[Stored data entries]
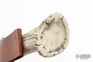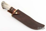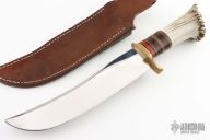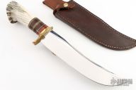 This custom Scagel style Bowie features a mirror polished blade with false top edge, .213" blade stock and 2.087" deep, hidden tang construction. The handle has brass guard, stag and stacked leather handle with black, brass and red spacers, crown stag butt. Comes with a brown leather sheath with belt loop. Excellent condition.
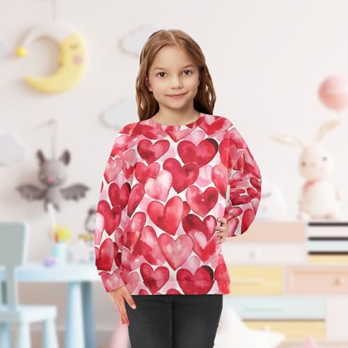 JUNZAN Cartoon Cute Red Love Hearts Big Girls Sweatshirts Hoodies Fleece Kids Pullover Hoodie Camping 4T
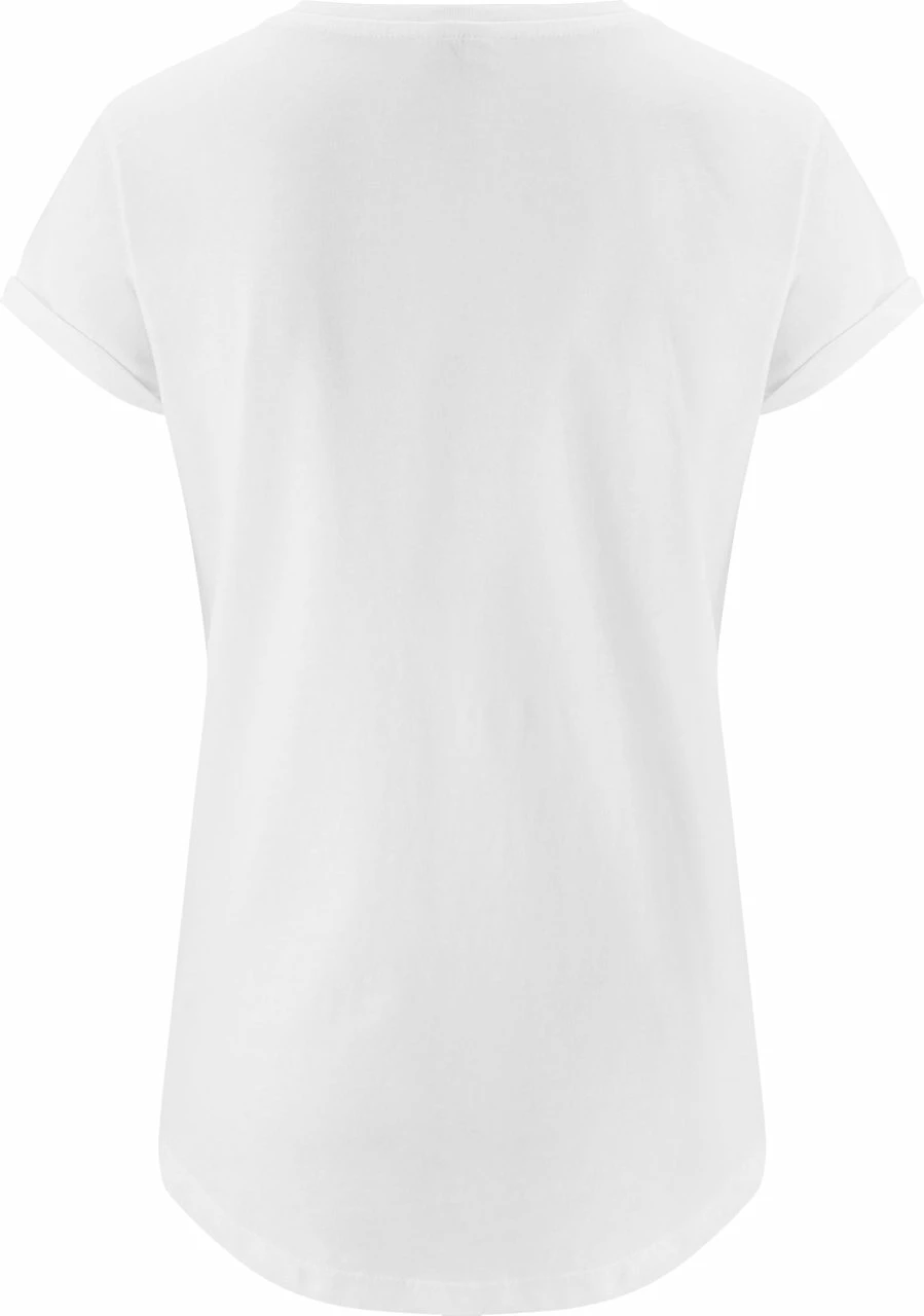 Relaxt geschnittenes Damen T-Shirt aus nachhaltiger Bio-Baumwolle. Das Shirt hat einen abgerundeten Saum und aufgerollte Ärmelenden, die an zwei Stellen abgenäht und somit fixiert sind.
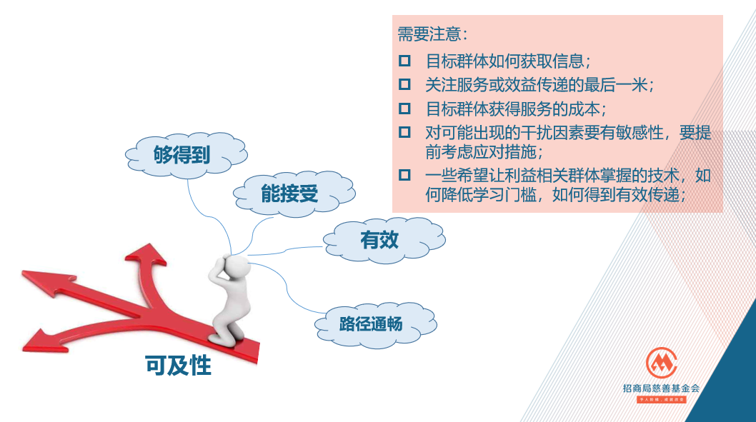 就像公交车提供了防摔拉环,个子矮的人拉不到,够不上,这个防摔拉环的服务对矮个子的人来说就是不可及的。疫情期间很多服务都在线上开展,如心理咨询服务。如果需要心理咨询的目标群体没有网络、没有加入各种群、没有智能手机,那我们在项目设计时就要考虑如何让这部分特殊目标群体及时地获知线上心理咨询服务的信息。类似的,比如针对农村留守儿童进行网络课程支持的项目,也要先去了解这些儿童所在社区的网络、设备情况能否支持该服务。如何构建服务路径去抵达这部分特殊目标群体。这是我们在做项目设计时要考虑的一个关键点。
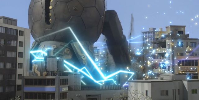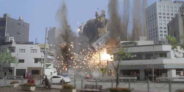 怪兽卢迪安穿越市区——市民们纷纷四散奔走,所经之处的建筑物皆被暴走的怪兽摧毁

*What is needed:* Reproduce only the lines from the beginning of the data through the line that contains "Relaxt geschnittenes Damen", both included, and please drop the pictures.

*Result below:*
 This custom Scagel style Bowie features a mirror polished blade with false top edge, .213" blade stock and 2.087" deep, hidden tang construction. The handle has brass guard, stag and stacked leather handle with black, brass and red spacers, crown stag butt. Comes with a brown leather sheath with belt loop. Excellent condition.
 JUNZAN Cartoon Cute Red Love Hearts Big Girls Sweatshirts Hoodies Fleece Kids Pullover Hoodie Camping 4T
 Relaxt geschnittenes Damen T-Shirt aus nachhaltiger Bio-Baumwolle. Das Shirt hat einen abgerundeten Saum und aufgerollte Ärmelenden, die an zwei Stellen abgenäht und somit fixiert sind.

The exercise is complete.